The Turning Torso, situated in Malmo is the tallest skyscraper in Sweden standing at a vertiginous 623ft and 54-storeys high. The swirling construction was based on a sculpture by the architect and engineer of the building, Santiago Calatrava, called the Twisting Torso. The building is constructed in nine segments of five-storey pentagons that twist as it rises. Each floor consists of an irregular shape rotating around the vertical core, which is supported by an exterior steel framework.


Reminiscent of a giant incandescent bottle opener, the Shanghai World Financial Centre, located in the Pudong district was the second tallest building in the world, upon its completion in 2008. Housed inside its sleek 1,614ft are offices, conference rooms and shopping malls, not to mention the second-highest hotel in the world, the Park Hyatt, and the tallest observation deck, offering dizzying views from 1,555ft above ground level.


St.Mary's Cathedral, TokyoIf all churches looked like this, we’d go every Sunday. St Mary’s Cathedral in Tokyo is the seat of the Roman Catholic Archdiocese of Tokyo.
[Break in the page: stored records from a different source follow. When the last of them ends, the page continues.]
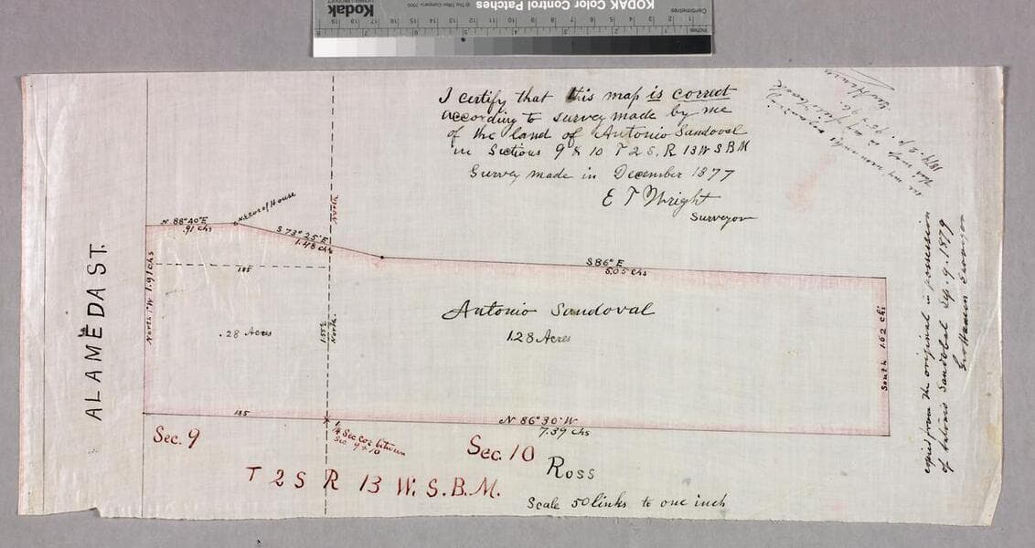 East from Alameda St., sec. 9-10, T. 2 S.R. 13 W. S.B.M.. Color highlighting, distances, property owners; pencil calculations, acreage. Title transfer info. Title supplied by cataloger.
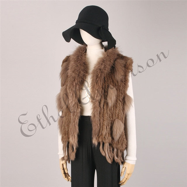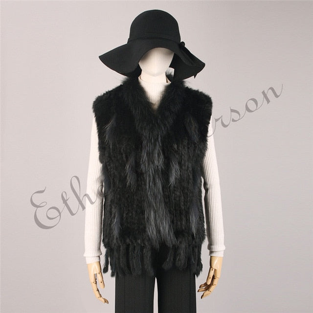 Knitted fur beanie vest women colors: White, Grey, Navy blue,black fur jackets
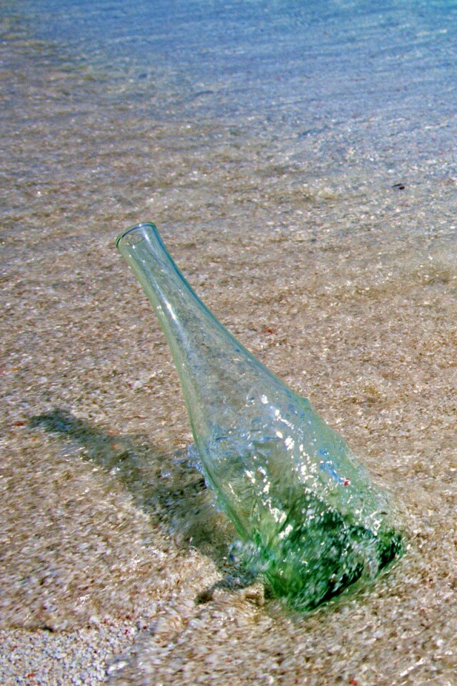 «Бутылка в песке у воды»
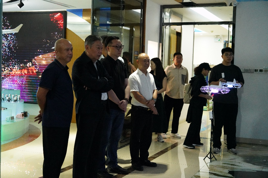 在公司广场,林左鸣理事长观看了高巨创新自主研发的无人机编队表演。表演展示了公司在无人机编队集群领域的技术优势,展现了无人机编队表演在城市宣传、文化旅游等应用场景中的广泛应用前景。林左鸣理事长表示,无人机编队不仅体现了技术创新的优势,也为丰富低空经济的应用场景提供了新的动能。
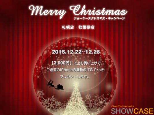 SHOWCASE(運営会社:株式会社 KODAWARI)は、12月22日から12月28日までクリスマスプレゼントキャンペーンをSHOWCASE秋葉原本店、SHOWCASE札幌ル・トロワ店で行います。期間中、3000円以上商品をお買い上げのお客様にお持ち込みの端末に合う高品質ガラスフィルムITG PROをプレゼント致します。

The original wooden structure was burned down during World War II, the present design, in the form of a giant cross, dates from 1964.


This coruscating jumble of discombobulated shapes that is the Weisman Art Museum was designed by internationally acclaimed architect Frank O Gehry. Named after Minneapolis native art collector Frederick R Weisman, the art museum is located on the University of Minnesota campus in Minneapolis. The buildings undulating stainless steel forms glimmer by the side of the Mississippi River and have become a landmark for the University. Housed inside are some of the most gorgeous galleries in the world.


The Burj Khalifa is the world’s tallest building, boasting the world’s highest outdoor observation deck on the 124th floor, At The Top, which offers stunning panoramic views of Dubai. The Burj tower is 320 metres taller than Taiwan’s Taipei 101, which had held the title of world’s tallest building since 2004.